At the same time, the LFPR of high school dropouts – those with less than a high school education – has been rising ever since the mid 1990s, and is now just why of all time highs hit during the peak of the financial crisis.
To be sure, there are many ways to analyze, or spin, this data: college grads are getting older and as a result of hitting their retirement years, are dropping out of the broader labor force at an accelerating rate.

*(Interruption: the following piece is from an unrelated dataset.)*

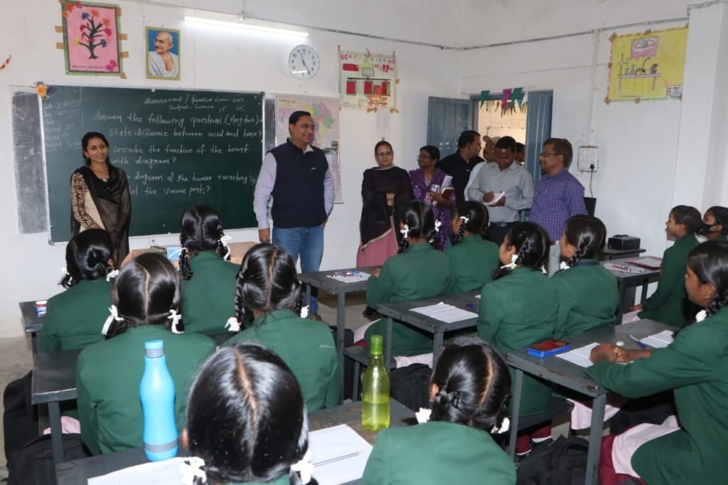 सूरजपुर/ सरगुजा कमिश्नर डॉ. संजय कुमार अलंग ने जिले के दूरस्थ क्षेत्र स्थित एकलव्य आदर्श कन्या आवासीय विद्यालय, स्वामी आत्मानंद अंग्रेजी माध्यम विद्यालय, कस्तूरबा गांधी बालिका आवासीय विद्यालय प्रेमनगर का निरीक्षण किया। उन्होंने बच्चों के बीच जाकर पढ़ाई एवं स्कूल की व्यवस्थाओं के संबंध में चर्चा कर हालचाल जाना। स्कूली बच्चों ने कमिश्नर को अपने बीच पाकर बहुत खुश हुए तथा बच्चांे ने कमिश्नर को ताली बजाकर स्वागत किया। उन्होंने बच्चों को शिक्षकों द्वारा पढ़ाई जा रहे विषयों की जानकारी ली तथा आठवीं क्लास में अंग्रेजी की पढ़ाई कर रहे बच्चों के बीच पहुंचे अंग्रेजी विषय की जानकारी लेकर अंग्रेजी पढ़ाया। कमिश्नर ने बच्चों को हौसला अफजाई करते हुए निरंतर कड़ी मेहनत कर सफल होने एवं उज्जवल भविष्य की कामना की।

Meanwhile, high school dropouts, mostly younger people, do not face the same demographic pressures and continue to gain “market share.” Alternatively, high school dropouts are increasingly in demand due to their non-existent wage demand leverage while college grads are increasingly pricing themselves out of the job market; Or simply employers don’t need to hire as many college grads and would rather hire cheap, unqualified, easily accessible workers whom they then train for their specific needs.
Whatever the reason, the difference in the labor force participation between college grads and high school dropouts has never been lower.
Extending and extrapolating this trend suggests that some time over the next two decades, the labor force participation rate of high school dropouts in the US labor pool may be the same, if not higher, than that of college grads.
And while one can debate what is causing this troubling compression, the implications for future US productivity should the US labor force become increasing saturated with minimally skilled workers at the expense of qualified college grads, is rather dire.
Then again, Bloomberg has yet to start tracking the labor force participation rate of robots: something tells us that the growth rate in this category will soon be off the charts.